If that's to change, it would need to be e.g. an option set by
r.external.out (for the default) and r.external (to allow it to be changed
for individual maps).

Certainly, it needs to be possible to delete the "link" which allows GRASS
to treat the file as a raster map without deleting the file itself. And
given that the existing g.remove behaviour is to remove the link but leave
the actual data, I'm not sure that should change (i.e. removing both the
link and the file needs a new flag, so no-one loses data unexpectedly).

Essentially, GDAL-linked maps are somewhat like a symlink to a file. Using
"rm" on a symlink deletes the symlink, not the file it refers to.
Similarly for "mv".

The GRASS tools (g.remove, g.rename, g.copy etc) need to be able to
manipulate the links. They don't necessarily have to be able to manipulate
the files; the OS' own file-management tools can handle that. Although, in
the case of renaming and copying, we should provide a convenient way to
update/copy the links; running r.external requires providing all of the
parameters again.

--
Ticket URL: <http://trac.osgeo.org/grass/ticket/2282#comment:1&gt;
GRASS GIS <http://grass.osgeo.org>

#2282: r.external.out: keep GRASS maps and external files in sync
-------------------------+--------------------------------------------------
Reporter: sbl | Owner: grass-dev@…
     Type: enhancement | Status: new
Priority: normal | Milestone: 7.1.0
Component: Default | Version: unspecified
Keywords: | Platform: Unspecified
      Cpu: Unspecified |
-------------------------+--------------------------------------------------

Comment(by sbl):

Replying to [comment:1 glynn]:
>If that's to change, it would need to be e.g. an option set by
r.external.out (for the default) and r.external (to allow it to be changed
for individual maps).

Provided, that I have no idea how much work it would be to implement this,
it sounds like a very nice solution to me.

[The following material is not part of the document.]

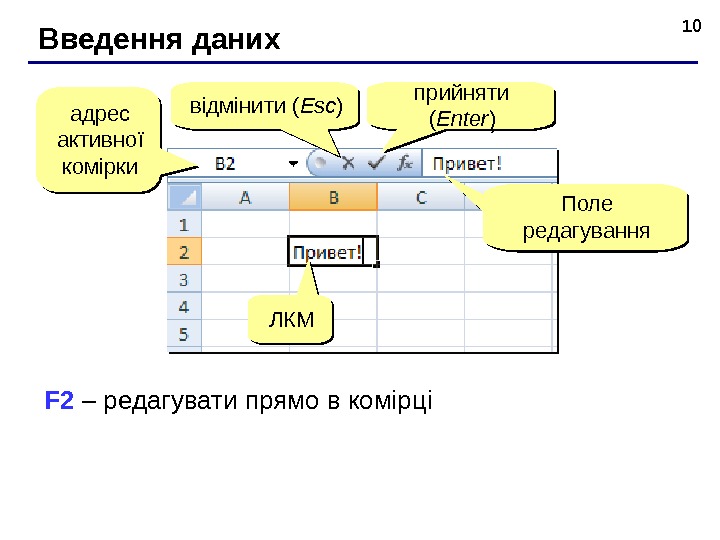 10 В ведення даних адрес активно ї комірки відмінити ( Esc ) прийняти ( Enter ) Поле реда гування ЛКМЛКМ F 2 – редагувати прямо в комірці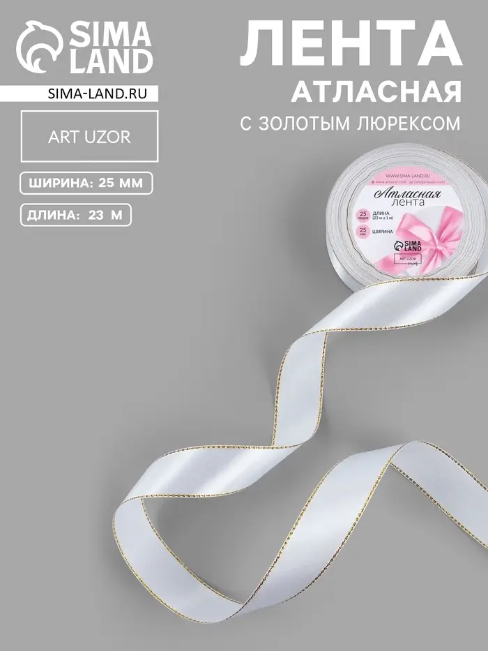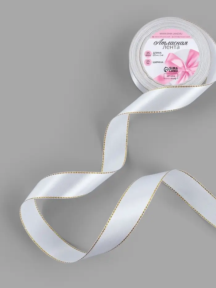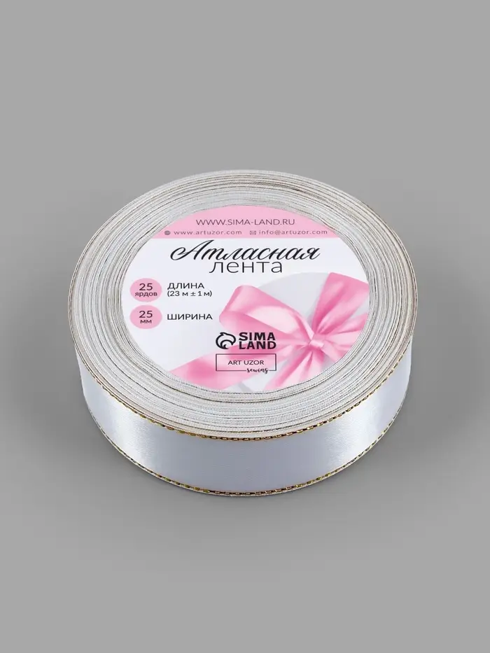 Лента атласная, с золотым люрексом, 25 мм, 23±1 м, белая №001

>And given that the existing g.remove behaviour is to remove the link but
leave the actual data, I'm not sure that should change (i.e. removing both
the link and the file needs a new flag, so no-one loses data
unexpectedly).

I see that this is a bit tricky, as it might be necessary to distinguish
maps linked to GRASS (for maps produced by other people or software which
have been linked into GRASS using r.external (which should not be meddled
with)) and maps/files produced from within GRASS. Furthermore, users may
choose map names differing from file names when they link them to GRASS
(r.external). However, an optional flag for keeping maps and files in sync
would be nice, if that is feasible.

Two other things to consider in this context are (maybe):

1) Let`s say a user sets the external output path to ~/output for GeoTiffs
with extension ."tif". Then the user produces a map with the name "map_a".
Later this "map_a" is renamed to "map_b". The file "~/output/map_a.tif"
will then be linked to "map_b", right? What happens in such a case, if
another map with the name "map_a" is produced. The map name does not exist
anymore in GRASS, but the file "~/output/map_a.tif" does, on the file
system. Is it checked that "~/output/map_a.tif" is not overwritten in such
a case.

2) Let`s assume one wants to use maps produced in GRASS with
r.external.out in other software. During map production the user finds
out, that a different name for the map would have been more suitable.
After running g.rename the new, more appropriate name is used in GRASS
while other software will still have to work with the old filename. The
way to sync that manually would be to remove the map (link) (instead of
renaming it), rename the underlying file (mv), and then link that file
again into GRASS (r.external). What happens to map history in such cases?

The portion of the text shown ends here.